En una línea similar de control, pero con un fuerte componente técnico, Claudia López propone un modelo que limite estrictamente la integración vertical (evitar que las EPS se contraten a sí mismas). Su bandera principal es la creación del Sistema Nacional de Cuidado para fusionar la atención médica con apoyos sociales a poblaciones vulnerables, apalancándose en la Inteligencia Artificial para predecir riesgos de salud en los barrios.
2. La línea del rescate financiero y eficiencia (Valencia, De la Espriella y Fajardo)
En la otra orilla, la derecha y el centro apuntan a que la crisis no es de diseño, sino de asfixia económica y gestión. Paloma Valencia y Sergio Fajardo coinciden en que la Unidad de Pago por Capitación (UPC) —el dinero que el Estado paga por cada paciente— está desactualizada. Valencia propone recalcularla para 2027 basada en las necesidades reales del usuario, inyectando $9 billones de pesos inmediatos. Fajardo, por su parte, es el más ambicioso en recursos: promete $15 billones para estabilizar las reglas del juego, planteando una reforma concertada de cara al año 2028.
Finalmente, Abelardo De la Espriella enfoca su estrategia en la disciplina fiscal y la seguridad jurídica.

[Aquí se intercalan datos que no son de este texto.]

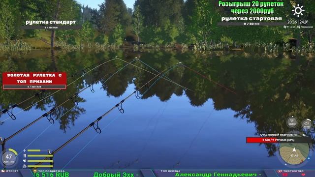 Поддержка донатом https://www.donationalerts.com/r/kalyamba11 Альтернативный донат https://new.donatepay.ru/@1032463 5536913964533059 карта Тинькоф Если стрим лагает,смотри стрим на трово https://trovo.live/s/Kalyamba_na_Ribalke Мой ВК - https://vk.com/kalyantv НИК в игре kalyan11 НАШ ДИСКОРД СЕРВЕР https://discord.gg/mSbnTJK8TB Заказ водоема на 1 час - 500р ( весь стрим 2500р ) Модерка на канале 1200р ( каждая следующая на 100р больше) Озвучка доната на 40р,50р,100р,200р,300р,500р,1000р ✅Призы в рулетке "ЗОЛОТАЯ" ✔ ЗОЛОТО ✔ ПРЕМ ✔ КАТУШКИ РАПТОР 40, АЗИМУТ 10000, СИЛЬВЕР 80, ТАЙГА с 30 ✔ ПАЛКИ ПИЛКЕРНАЯ, ДОНКА МОРСКИЕ, ✔ РОД ПОД, СТУЛЬЯ ✅Призы в рулетке СТАНДАРТ : ✔ катушка "РАПТОР 40" ✔ катушка "АЗИМУТ 10000" ✔ катушка "ТАЙГА С30, С40," ✔ катушки 60 для медного ( ЭВИИ, НАТОРЫ, ГОЛДА, и тд) ✔ ПИЛКЕРНОЕ УДИЛИЩЕ КОРОЛЕВА ОКЕАНА ✔ Морское Донное удилище ✔ прем ( 3, 7, 30 дней) ✔ золото ( 1, 3, 5, 10, 20 ,50) ✔ билет на море ( 1, 3, 5 дней) ✔ голд наживка и др. ✅Призы в рулетке "СТАРТОВАЯ" ✔ катушка "silver80" ✔ катушка "БЕЛЫЙ КАЛИБР" ✔ катушка "Черный калибр" ✔ катушка "Протон" ✔ катушка "Нарга 6000" ✔ Набор Фидерист и спинингист ✔ Карповик Фортуна ✔ фидерные удилища ✔ прем, золото, алкашка, наживки и тд P.s Рулетка это не казино, а награда за поддержку стримера. Вечный ТОП ПОДДЕРЖКИ (11.05.2024) 1. Dimon_pokemonchik 119 784 2. Interceptor 75 508 3. Skreb79 71 261 4. une personne 68 619 5. Нарвал77 31 550

Su plan de choque de $10 billones busca meter en cintura a las EPS mediante topes de administración y propone un arbitraje severo de los recursos manejados por la ADRES, sumado a la activación de un “Bloque Anticorrupción” para revisar la infraestructura hospitalaria abandonada o ineficiente.
El diagnóstico está hecho: el sistema está desfinanciado y los usuarios lo padecen a diario. La decisión de los colombianos en las urnas determinará si la salud toma el camino de la intervención estatal o el de la reingeniería de capitales.